* [Instructions for the task]: Using the listing below, please print exactly the lines from the one with "L'Art faber réunit" through the one with "В третьей избе". Leave out every picture.

* [Input material]:
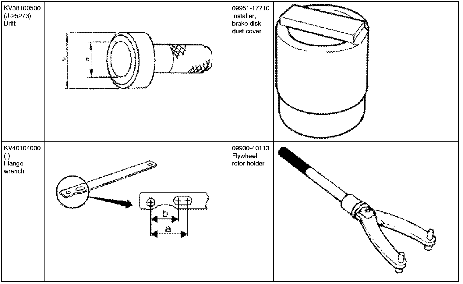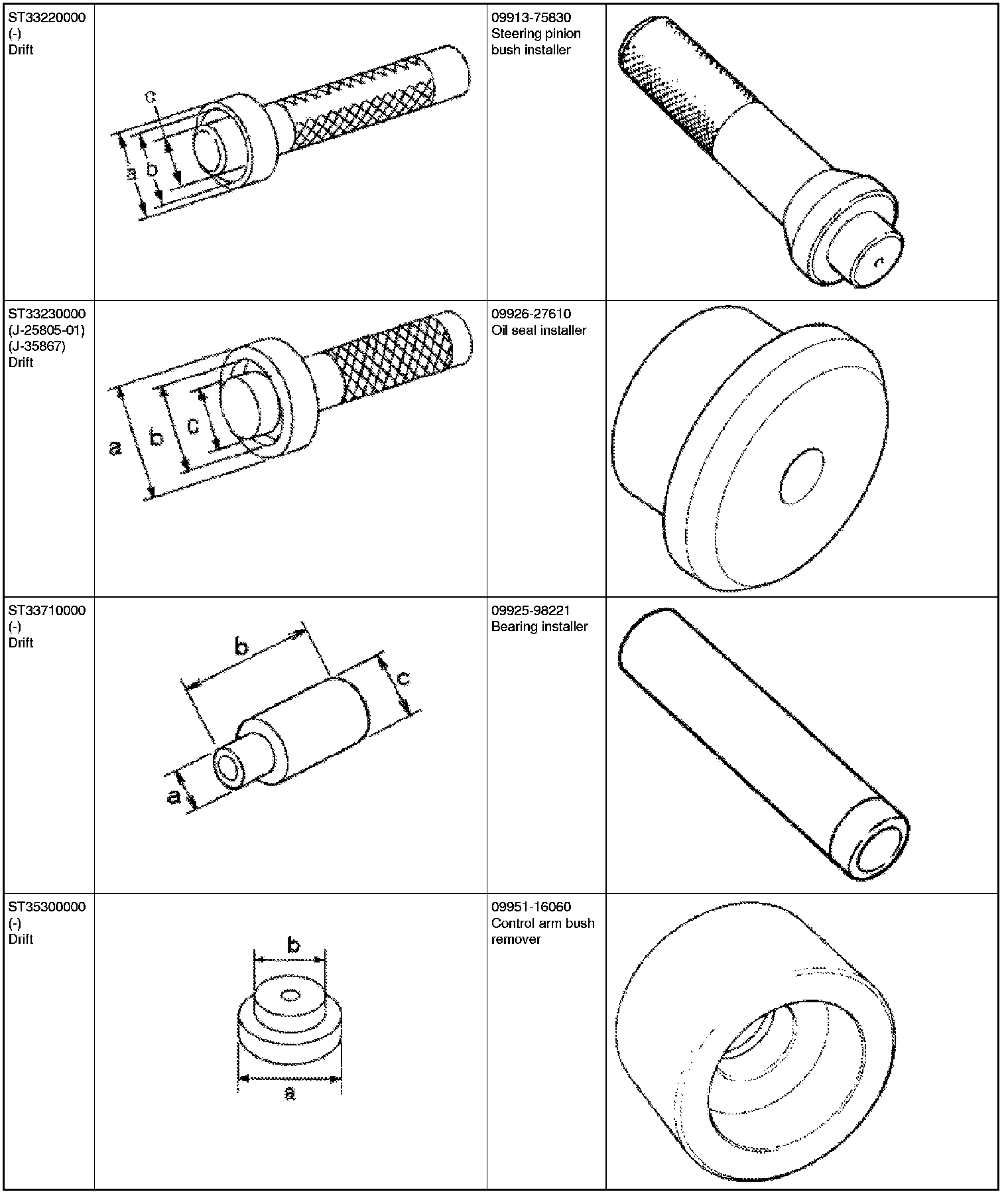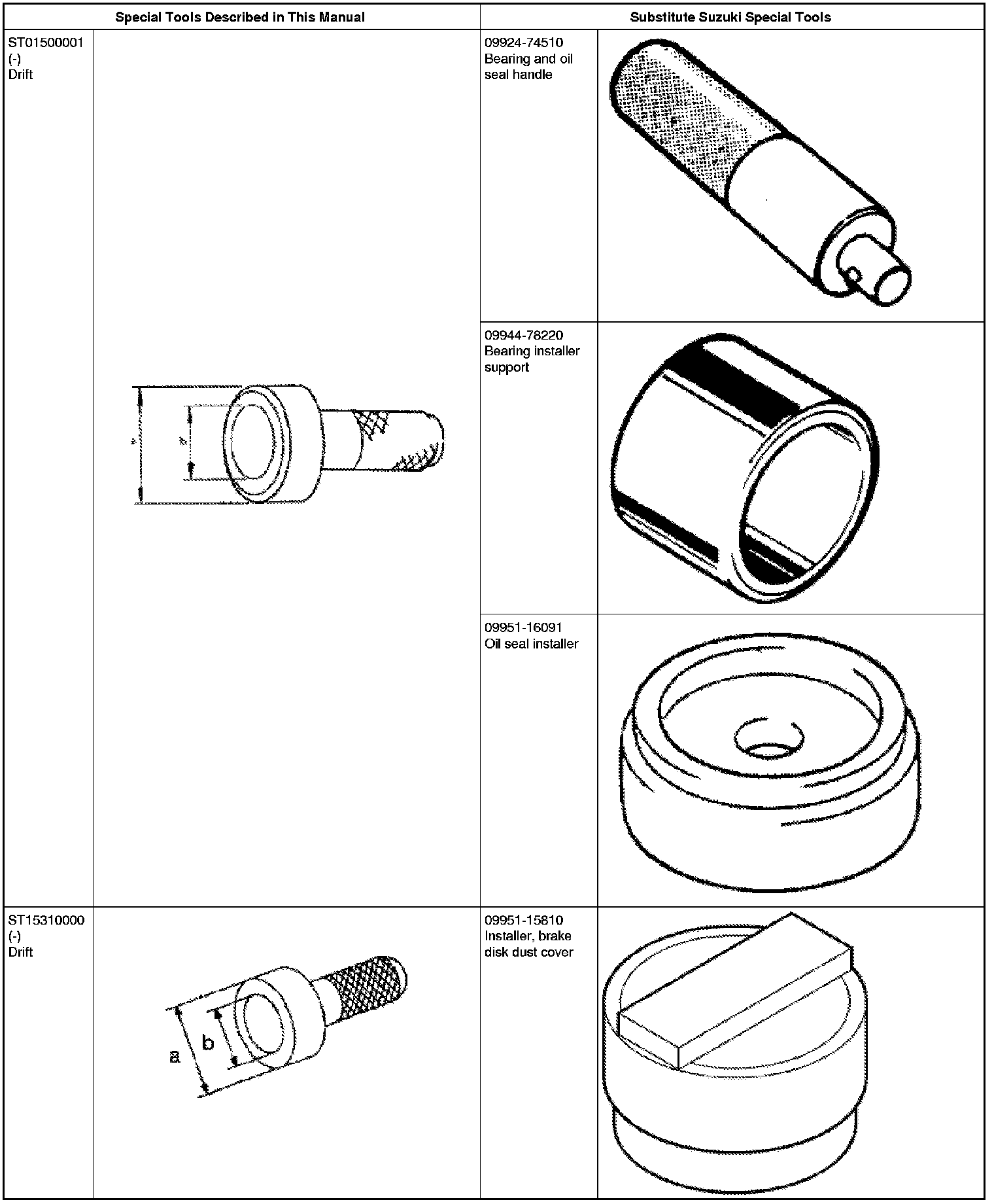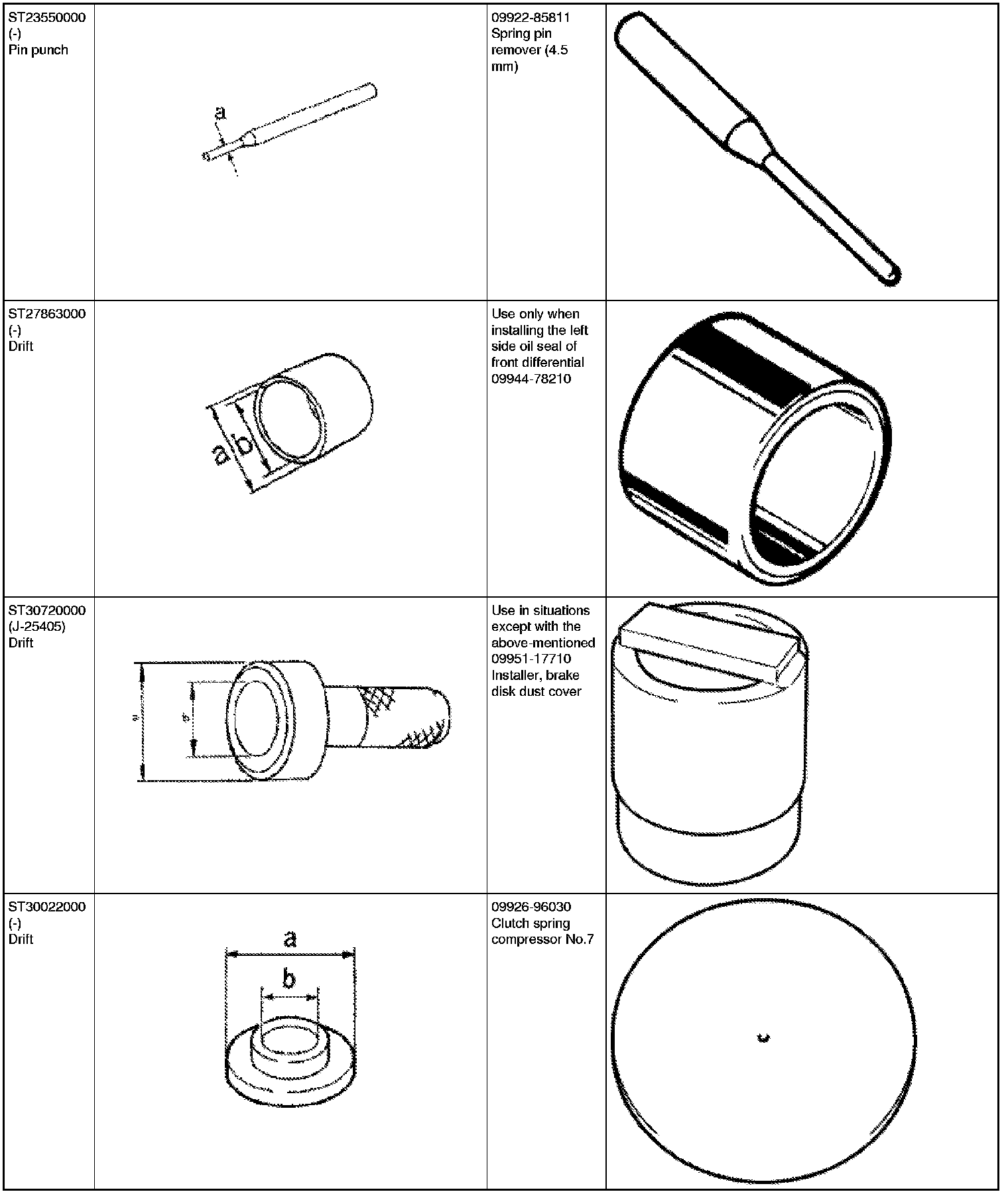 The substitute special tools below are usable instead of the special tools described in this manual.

--

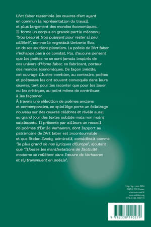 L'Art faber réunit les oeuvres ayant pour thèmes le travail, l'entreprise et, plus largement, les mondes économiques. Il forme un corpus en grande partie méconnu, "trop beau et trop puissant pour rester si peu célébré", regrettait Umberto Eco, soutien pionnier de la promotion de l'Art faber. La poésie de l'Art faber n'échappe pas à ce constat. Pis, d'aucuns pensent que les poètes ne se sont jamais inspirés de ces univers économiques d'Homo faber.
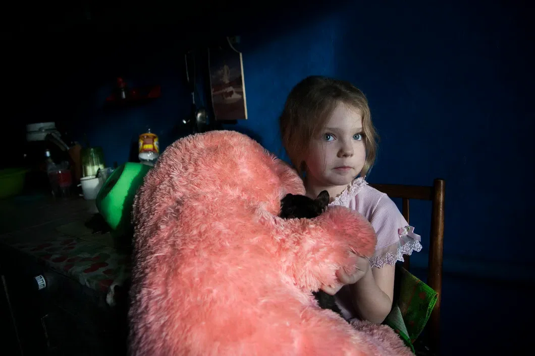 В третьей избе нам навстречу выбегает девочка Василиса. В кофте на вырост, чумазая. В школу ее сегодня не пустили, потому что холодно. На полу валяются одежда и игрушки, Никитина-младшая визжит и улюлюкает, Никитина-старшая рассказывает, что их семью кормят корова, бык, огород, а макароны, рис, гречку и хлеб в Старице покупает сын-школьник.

...

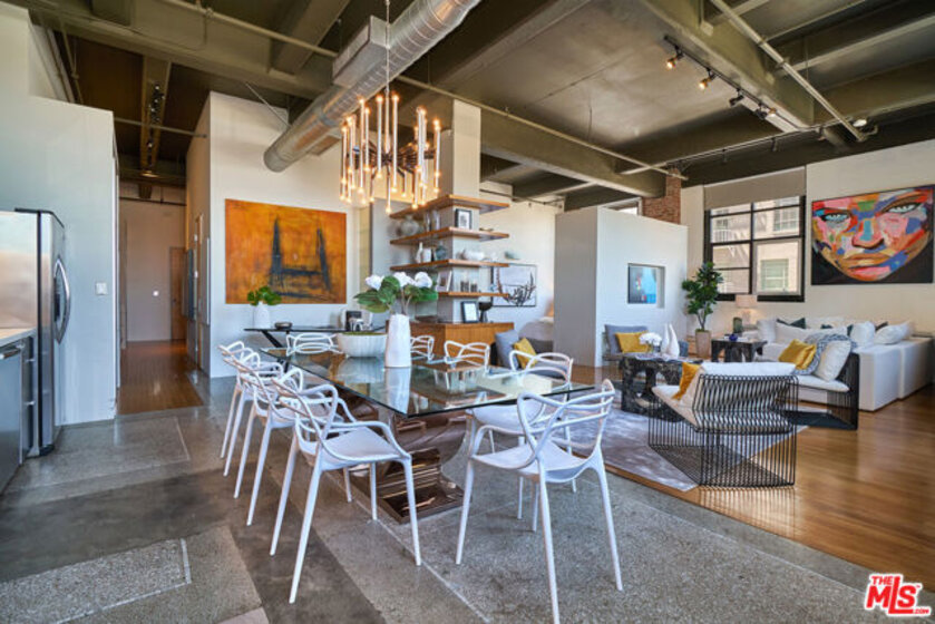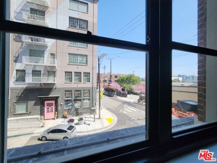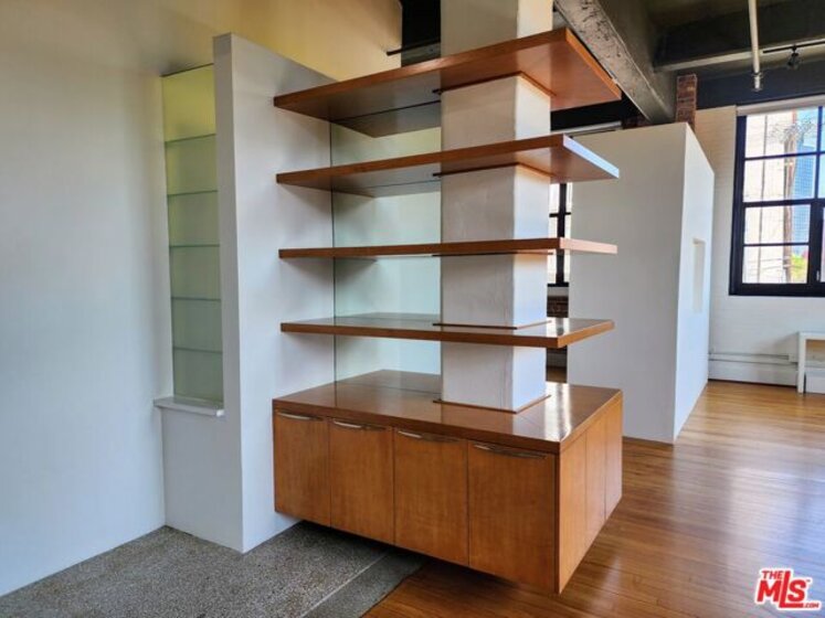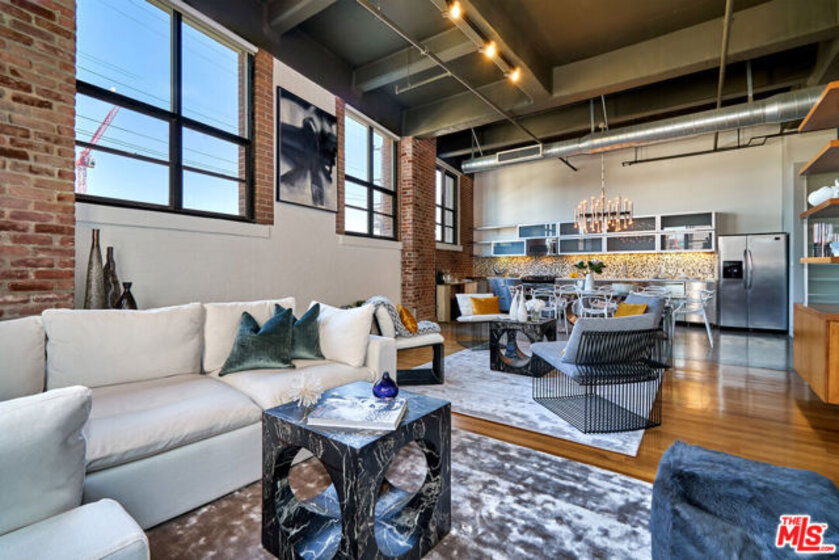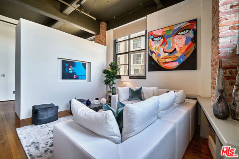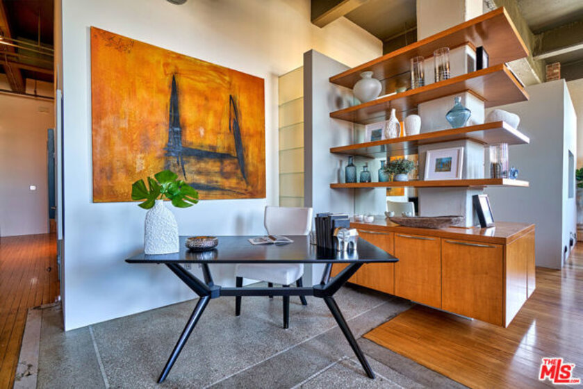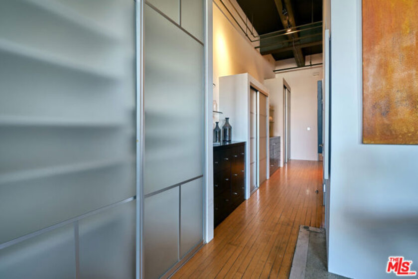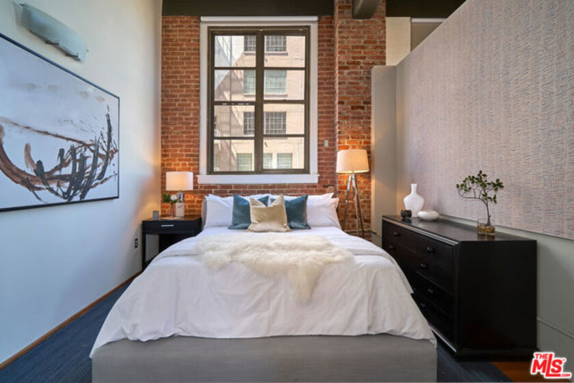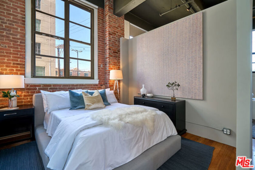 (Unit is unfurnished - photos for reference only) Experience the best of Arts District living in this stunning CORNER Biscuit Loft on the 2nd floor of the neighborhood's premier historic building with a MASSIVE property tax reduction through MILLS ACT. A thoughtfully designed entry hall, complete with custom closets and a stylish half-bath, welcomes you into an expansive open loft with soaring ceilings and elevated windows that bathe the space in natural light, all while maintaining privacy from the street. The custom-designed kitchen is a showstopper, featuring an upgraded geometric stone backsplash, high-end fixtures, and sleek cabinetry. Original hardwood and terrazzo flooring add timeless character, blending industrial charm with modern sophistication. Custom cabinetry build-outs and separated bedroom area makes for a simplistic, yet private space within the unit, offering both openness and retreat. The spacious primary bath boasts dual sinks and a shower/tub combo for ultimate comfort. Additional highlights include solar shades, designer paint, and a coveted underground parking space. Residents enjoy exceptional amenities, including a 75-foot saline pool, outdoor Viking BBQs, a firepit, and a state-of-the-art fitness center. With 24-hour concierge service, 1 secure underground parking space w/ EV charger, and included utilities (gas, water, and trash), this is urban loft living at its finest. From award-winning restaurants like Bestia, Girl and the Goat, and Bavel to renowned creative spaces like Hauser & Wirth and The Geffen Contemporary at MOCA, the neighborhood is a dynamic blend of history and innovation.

* [Answer section]:
 L'Art faber réunit les oeuvres ayant pour thèmes le travail, l'entreprise et, plus largement, les mondes économiques. Il forme un corpus en grande partie méconnu, "trop beau et trop puissant pour rester si peu célébré", regrettait Umberto Eco, soutien pionnier de la promotion de l'Art faber. La poésie de l'Art faber n'échappe pas à ce constat. Pis, d'aucuns pensent que les poètes ne se sont jamais inspirés de ces univers économiques d'Homo faber.
 В третьей избе нам навстречу выбегает девочка Василиса. В кофте на вырост, чумазая. В школу ее сегодня не пустили, потому что холодно. На полу валяются одежда и игрушки, Никитина-младшая визжит и улюлюкает, Никитина-старшая рассказывает, что их семью кормят корова, бык, огород, а макароны, рис, гречку и хлеб в Старице покупает сын-школьник.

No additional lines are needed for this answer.